OpenAI-Compatible API: Drop-in replacement for OpenAI's chat completions API
Multi-Provider Support: Ollama, OpenRouter, and extensible provider architecture
Advanced Context Management: Sliding window token management with intelligent compression
Technical RAG: Optimized retrieval for technical documentation and code
Session-Based Architecture: Persistent conversation state with checkpointing
Streaming Support: Real-time token streaming for all endpoints
PostgreSQL Backend: Production-ready persistence with JSONB vector storage

Quick Start

Prerequisites

.NET 9.0 SDK
PostgreSQL 14+
Ollama (for local inference): https://ollama.ai

Installation

# Clone the repository
git clone https://github.com/Cstannahill/LocalInference
cd LocalInference

# Restore dependencies
dotnet restore

# Configure database (edit appsettings.json with PostgreSQL connection)
# Default: Host=localhost;Database=LocalInference;Username=postgres;Password=postgres

# Apply migrations
cd src/LocalInference.Api
dotnet ef database update

# Start the API
dotnet run

Verify Installation

# Health check
curl http://localhost:5000/health

# Create inference config
curl -X POST http://localhost:5000/api/inference-configs \
  -H "Content-Type: application/json" \
  -d '{
    "name": "Ollama Default",
    "modelIdentifier": "Qwen3.5-2B-UC",
    "providerType": "Ollama",
    "temperature": 0.7,
    "topP": 0.9,
    "contextWindow": 8192,
    "maxTokens": 2048,
    "isDefault": true
  }'

# Test chat completions (requires Ollama with Qwen3.5-2B-UC model)
curl -X POST http://localhost:5000/v1/chat/completions \
  -H "Content-Type: application/json" \
  -d '{
    "model": "Qwen3.5-2B-UC",
    "messages": [{"role": "user", "content": "Hello!"}],
    "stream": false
  }'

First Run Checklist

✅ .NET 9.0 SDK installed: dotnet --version
✅ PostgreSQL running: psql --version
✅ Ollama running: curl http://localhost:11434/api/tags
✅ Model available: ollama pull Qwen3.5-2B-UC
✅ Migrations applied: cd src/LocalInference.Api && dotnet ef migrations list
✅ API running: dotnet run (should show listening on port 5000)

API Overview

Base URL

http://localhost:5000

Authentication

Currently, the API runs without authentication in local mode.

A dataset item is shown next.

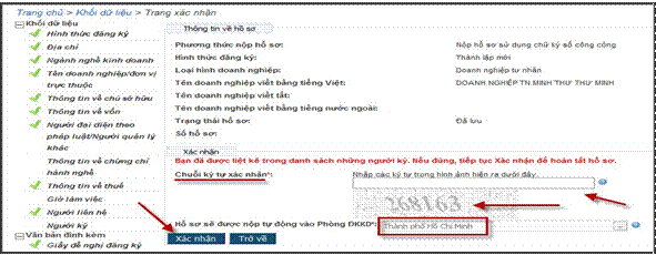- Nhập mã xác nhận hiển thị trên màn hình. Tên Phòng Đăng ký kinh doanh sẽ tiếp nhận hồ sơ được hiển thị bên dưới đoạn mã xác nhận và dưới dạng không chỉnh sửa được. Nếu hồ sơ vẫn còn thiếu thông tin theo quy định. Hệ thống sẽ hiển thị ̣cảnh báo đỏ. Người nộp hồ sơ/người đăng ký phải chỉnh sửa và chuẩn bị lại hồ sơ. Hệ thống tự động chọn Phòng Đăng ký kinh doanh để xử lý hồ sơ căn cứ vào tỉnh/thành phố của địa chỉ trự sở chính doanh nghiệp đăng nhập tại bước nhập thông tin.

For production deployment, add authentication middleware as needed.

Core Concepts

Sessions

Sessions replace the traditional character/persona model. A session:

Maintains conversation history
Has configurable context window size
Supports multiple inference configurations
Automatically manages token budgets

Inference Configurations

Reusable configuration profiles defining:

Model identifier and provider
Generation parameters (temperature, top_p, etc.)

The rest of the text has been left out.